An upcoming case that could end up on the U.S. Supreme Court’s shadow docket foreshadows a potential new legal battle: the battle for queer student clubs and GSAs.
In an emergency request sent directly to the nation’s highest court this week, Yeshiva University—an Orthodox Jewish university in New York—asked the court to overturn an order from a New York state court demanding the university recognize an LGBTQ2S+ group as an official campus club. The previous ruling, from the New York County Supreme Court, found that the university—which does not define itself as a religious institution in its charter—was violating the students’ First Amendment rights by not recognizing the club.
“As a deeply religious Jewish university, Yeshiva cannot comply with that order because doing so would violate its sincere religious beliefs about how to form its undergraduate students in Torah values,” the court request reads. (Most Orthodox interpretations of Jewish law forbid same-sex marriage and behaviour.)
The suit was initially filed last year by the YU Pride Alliance. In its complaint, the group alleged that the university’s decision to deny funding and official recognition—which rendered the group unable to use school buildings for events or advertise to fellow students—amounted to discrimination.
“The students are asking for funding for events like movie nights and pizza,” Rachael Fried, a Yeshiva University graduate and the executive director of Jewish Queer Youth, which funds and mentors the club, told the Jewish Telegraphic Agency. “The university is inferring that these students are asking to have sex instead of listening to what they are actually asking for, a safe space where they can form friendships and community.”
The Supreme Court has yet to announce whether it will take up the case. While the emergency request only asks that the court block the order to immediately implement the club until the next appeal is heard, experts noted that this type of approach is unusual and indicative of the current legal climate—influenced by a court that is notoriously sympathetic to so-called “religious freedom” claims. In an August 29 tweet, University of Texas School of Law professor Stephen Vladeck said the case is a sign of “how much the shadow docket has evolved.”
“Whatever one thinks of the First Amendment issues here, this kind of dispute would *never* have made it to #SCOTUS through an emergency application as recently as six years ago,” he added. “Now, it’s almost a matter of course.”

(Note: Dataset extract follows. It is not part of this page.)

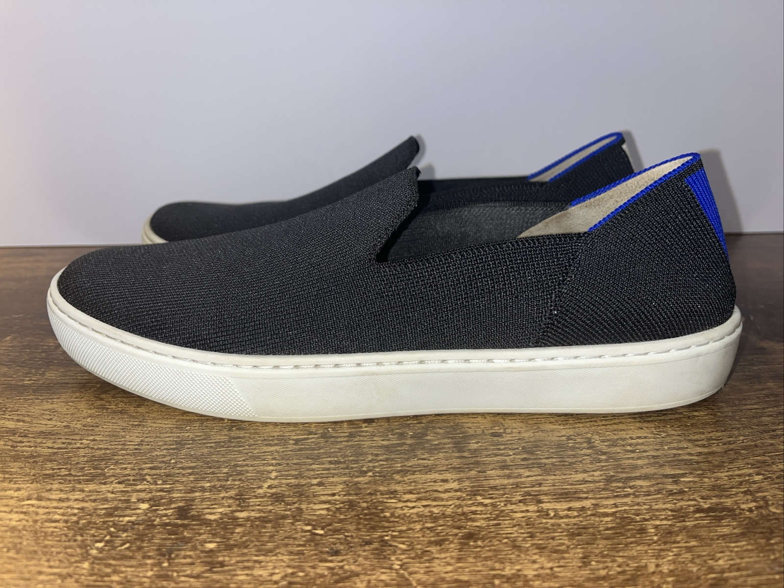 Experience the ultimate in comfort and style with Rothy's The Sneaker, a sleek black slip-on shoe designed for women who value both fashion and function. The size 9.5 sneakers are perfect for walking, thanks to their breathable textile upper and standard shoe width that accommodates a range of foot shapes. These low-top athletic shoes are a versatile addition to any wardrobe, effortlessly blending with a variety of outfits. The easy slip-on closure ensures convenience for those on-the-go moments, while the sneaker's durable construction and timeless design make it a staple for everyday wear.

The shadow docket is a much shorter decision-making process compared to the more widely understood “merits docket,” which handles most of the court’s most famous cases—in contrast, the shadow docket has no publicized hearings or broadcasted oral arguments. While it was at one time used primarily for procedural matters like issuing emergency orders like the one Yeshiva University is requesting, the conservative-leaning court has in recent years used the shadow docket to take up hot-button topics. Perhaps the most notable recent ruling issued through these means was the court’s decision not to block Texas’s six-week abortion ban, which many saw as a precursor to its decision to overturn Roe v. Wade.
This past week, a California court delivered a decision that could be a harbinger of things to come—ruling that a San Jose school district must recognize a Christian club that had excluded LGBTQ2S+ students. The verdict, which came from the Ninth U.S. Circuit Court of Appeals, orders that the club must be reinstated while litigation continues in the lower courts.
While there is a long history of institutions trying and failing to block GSAs, the Supreme Court’s increasingly pro-Christian bias could mean more cases challenging queer student clubs. Last year, the court ruled that the city of Philadelphia had violated the First Amendment by refusing to contract with a religious foster care agency that had refused to place foster children with same-sex couples. And in its upcoming October term, the court will consider a free speech claim from a Colorado wedding website designer who refuses to create websites for same-sex couples on faith-based grounds.
It’s unclear how the Supreme Court will rule in these cases. In October 2020, the court denied an appeal by Kim Davis, a Kentucky clerk who alleges she was wrongfully persecuted for refusing to issue a marriage licence to a gay couple in 2015. But in an opinion accompanying the denial, conservative justices Clarence Thomas and Samuel Alito stated that the court’s decision to legalize marriage equality in 2015’s Obergefell v. Hodges had resulted in “ruinous consequences” for religious liberty. The judges strongly implied their desire to overturn or at least gut the landmark LGBTQ2S+ rights ruling, if the right case were to come before the bench.
Update: September 13, 2022 9:45 amOn September 9, the Supreme Court issued a response to Yeshiva University’s petition. In the brief order, Justice Sonia Sotomayor lifted the lower court’s injunction, allowing the school to continue to not recognize the student club pending a further order from the Court.
Update: September 15, 2022 12:35 pmThe Supreme Court moved in a 5-4 vote released September 14 to deny Yeshiva University’s emergency request for relief, determining that the university must comply with the state court’s order and recognize the LGBTQ2S+ club. In the unsigned opinion, Chief Justice John Roberts and the conservative Justice Brett Kavanaugh joined with liberals Sonia Sotomayor, Elena Kagan and Ketanji Jackson, saying that it was too soon for the Court to become involved in the case and that the school must pursue other avenues for “expedited or interim state court relief” before it can come before the Court.